Q: How long have you biked, and what other physical activities do you enjoy, and why?
A. I have been biking since I was 10-years-old. My first group adventure ride was a trip from Nova Scotia to Bakerville, Connecticut at age 16. In addition to biking, I have a passion for cross-country skiing, classic style. This year I am committed to taking a couple of lessons in freestyle or skate-skiing. Other outdoor sports that I enjoy are hiking, flat water kayaking and recently I began to do a little running.
Q: Where are your degrees from and in what?
A: I have a bachelors degree in recreational therapy from the University of Colorado, a bachelors degree in nutritional sciences from the University of Connecticut, and a masters degree in exercise physiology from the University of Connecticut.
Q: How long have you worked at Wesleyan?
A: I have been working at Wesleyan since January 1991.
Q: Do you have other hobbies in addition to fitness-related hobbies?
A: Yes, I play in a cribbage tournament each summer and I love to read as well as enjoy quiet time.

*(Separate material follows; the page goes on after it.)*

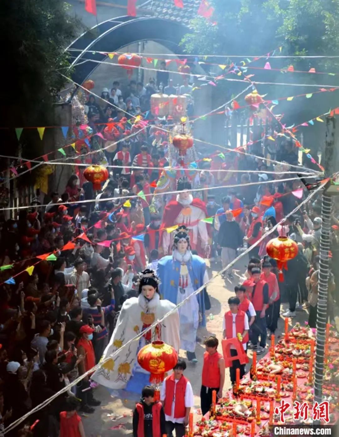 每年正月初十及正月二十六,潭頭鎮(zhèn)厚福村都會舉行傳統(tǒng)游神民俗活動,至今已有400多年的歷史。圖為傳統(tǒng)游神民俗活動中的巡游隊伍簇擁著挺神將的人走街串巷。中新社記者 呂明 攝

Q: How many bikes do you have?
A: I have both mountain and road bikes. I bought my mountain bike used about 12 years ago for $150 from the Mountain Biking Center at Mount Snow, Vermont. Great deal, great bike, which I have put at least a couple thousand miles on.
Last fall, as a birthday gift, my husband purchased a new road bike for me. A Trek 5000. It really is a finely crafted, aggressive riding machine. I am working hard to elevate my riding in order to match the performance of this racing machine, and to keep up with Joan Adams, assistant to the dean of admission.

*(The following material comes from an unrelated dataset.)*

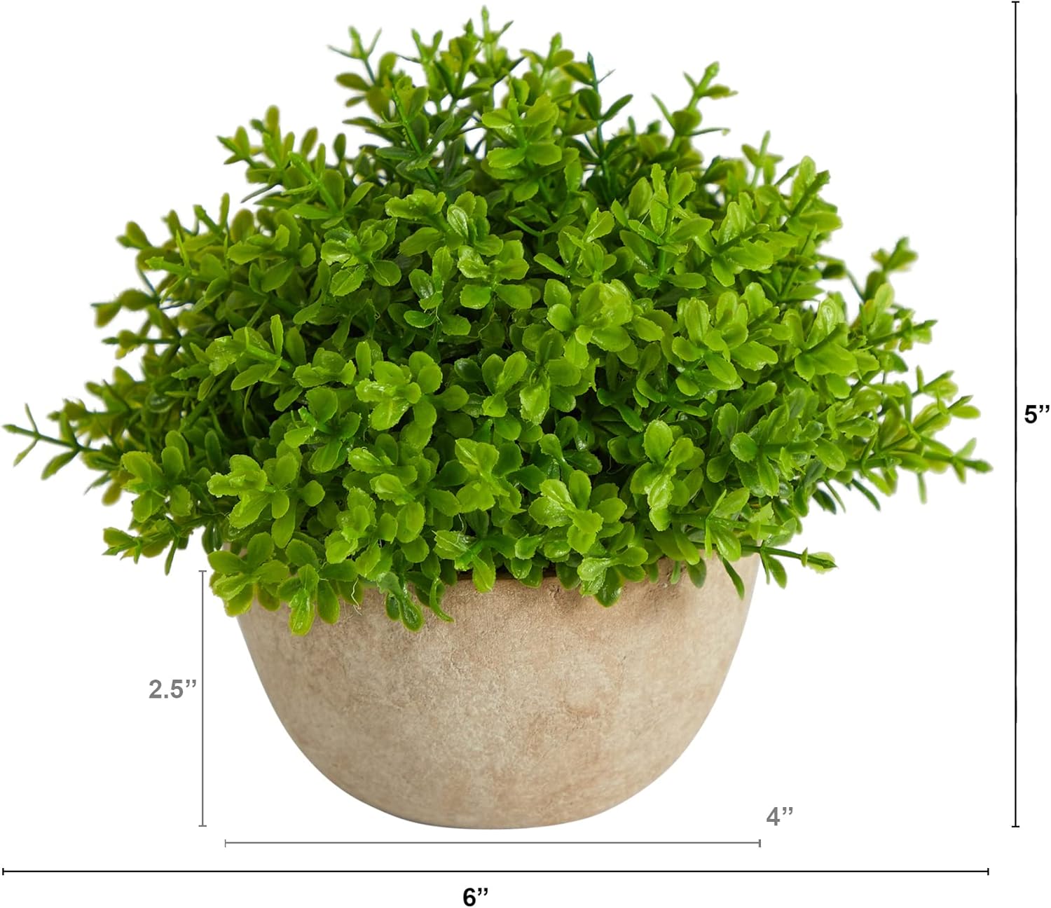 Accent any tight area with this Boxwood Artificial Plant. Inspired by nature, the leafy, verdant boxwood is incredibly lifelike with a full head of hair. Crafted from high-quality materials, watch as this busy, lush faux plant adds texture and depth to your space. Standing 5" from a decorative planter (included in height), place on any desktop. Ideal for an office, coffee table or an entryway. Silk plants are manufactured using synthetic materials, such as polyester material or plastic, and are well designed and constructed to be life-like in appearance. This item will need to be re-shaped when removed from the secure box to allow it to reach its fullest size. Your artificial plant will look beautiful for years to come; simply wipe clean with a soft dry cloth when needed.

Q: How long have you been married?
A: My husband, Gary, and I just celebrated our 25th wedding anniversary. We feel fortunate as our interests in adventure travel and fitness have merged over the years. We hike, bike, paddle and ski together. One point of diversion is Garys interest in long-distance backpacking. I prefer a long day-hike. Who can argue with a nice hot shower and a glass of wine at the end of the day?
Q: Anything else I should know about you?
A: Thank God I married an Italian who knows his way around a kitchen. Cooking is just not my strength.